Wednesday, February 01, 2017

Record Judge Vacancies Could See Trump Recast Courts

Missouri River Federal Courthouse. (Credit: U.S. Courts) Click to Enlarge.
A broad refusal by Senate Republicans to approve judicial nominees during the last two years of Obama’s second term means Trump could move quickly to fill 114 vacant federal judge positions. U.S. Courts data shows that to be the most vacancies in at least 20 years.

Trump is a foe of environmental regulations who is working quickly to undo rules, programs and agreements backed by President Obama to slow global warming.  By appointing federal judges with similar views, Trump could make it harder for future administrations to secure courtroom approvals for new climate rules for decades to come.

“It’s a very serious problem,” said Glenn Sugameli, an attorney for the nonprofit Defenders of Wildlife who tracks federal judge vacancies and nominations.  “It does create more opportunities for bad judges to get confirmed, for bad decisions to be issued, and for courts to tilt.”
Three quarters of the vacancies are on district courts.  These lower courts do much of the federal judicial system’s grunt work, holding criminal and civil trials, and hearing challenges to the use of federal rules covering everything from greenhouse gas pollution to immigration.

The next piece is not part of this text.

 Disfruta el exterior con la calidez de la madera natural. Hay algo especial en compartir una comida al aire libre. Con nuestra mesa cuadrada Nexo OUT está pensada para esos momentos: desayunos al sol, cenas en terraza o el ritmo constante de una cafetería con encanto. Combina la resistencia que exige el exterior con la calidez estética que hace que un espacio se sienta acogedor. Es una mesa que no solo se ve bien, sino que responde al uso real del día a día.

At direct stake for the climate is the balance in how the federal justice system views federal regulations.  While laws and regulations are needed to prevent corporations from wantonly polluting, such rules can reduce personal liberties.

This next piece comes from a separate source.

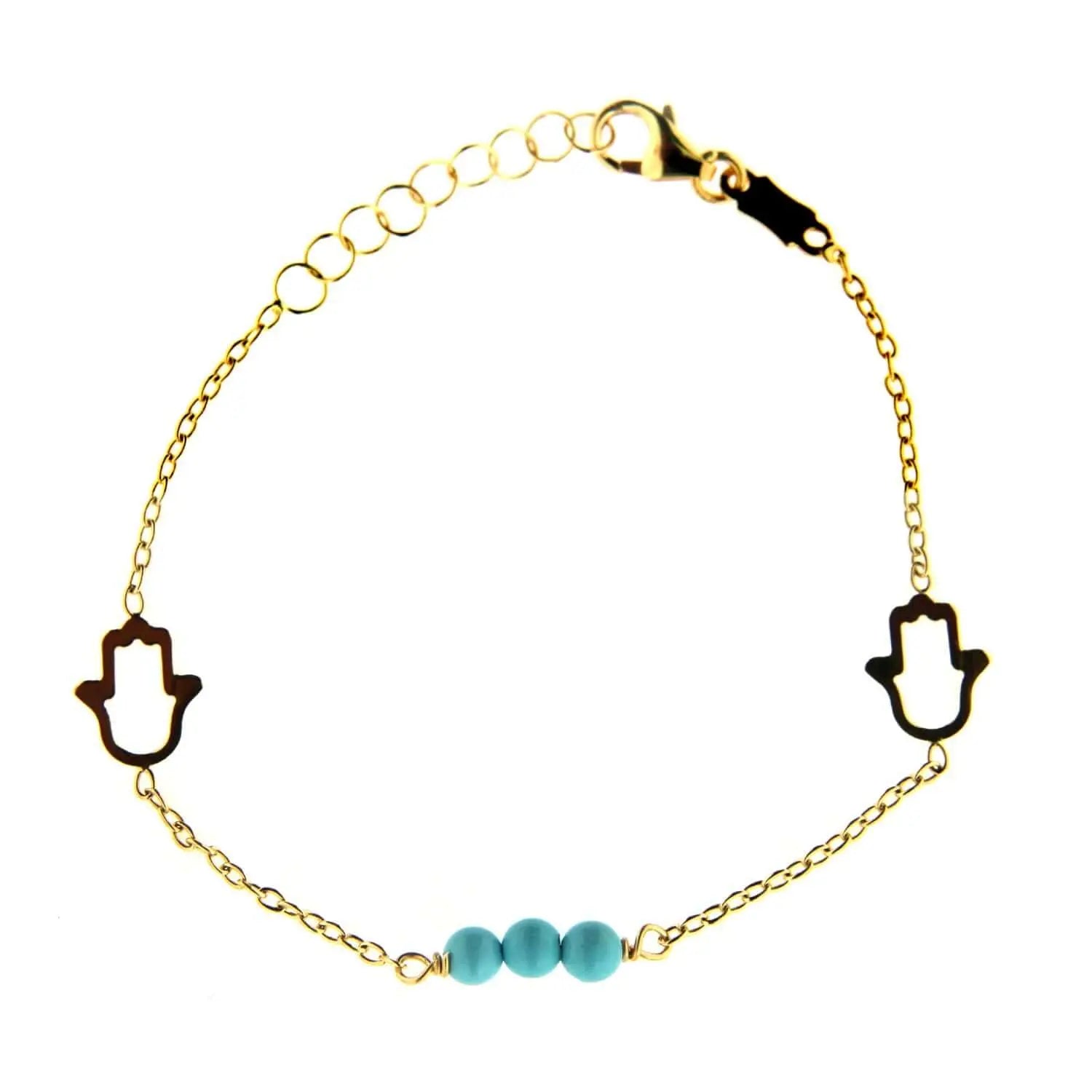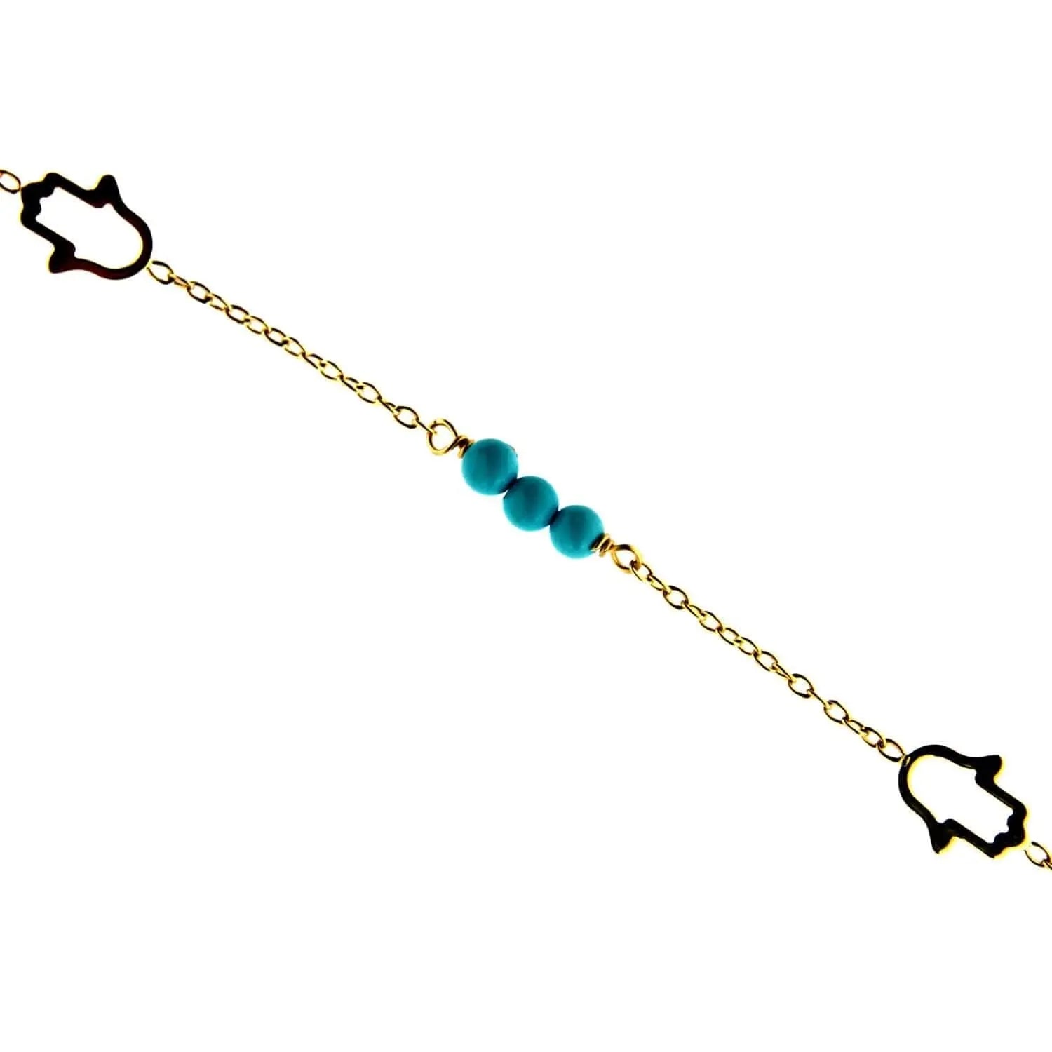 18K Yellow Gold Open Hamsa Hand and Turquoise Bead Bracelet. Measuring at 5.5 inches with extra rings starting at 4.8 inches, this bracelet is perfect for ages 0 to 6 years old. The Hamsa hand is a powerful symbol of protection and good luck, originating in Middle Eastern cultures. The turquoise stone, known for its vibrant blue-green hue, has been valued for thousands of years for its beauty and healing properties. This stunning bracelet is the perfect accessory to bring a touch of cultural richness and positive energy to your little one's life.

Legal battles over air and water quality and climate pollution tend to boil down to a persistent debate:  The fossil fuel industry promotes personal liberties over regulations, because it can be cheaper to pollute than to abide by anti-pollution rules, while environmental groups support regulations.

Some judges favor strong regulations, while others favor personal liberties.  Supreme Court justices picked by Republican presidents have tended to favor personal liberties while judges chosen by Democrats tend to favor stronger regulations.

The influence of party politics in federal judge appointments continues to escalate.  “Presidents have long appointed judges of their own party,” Columbia Law School professor Michael Gerrard said.  “But the confirmation process wasn't always political.”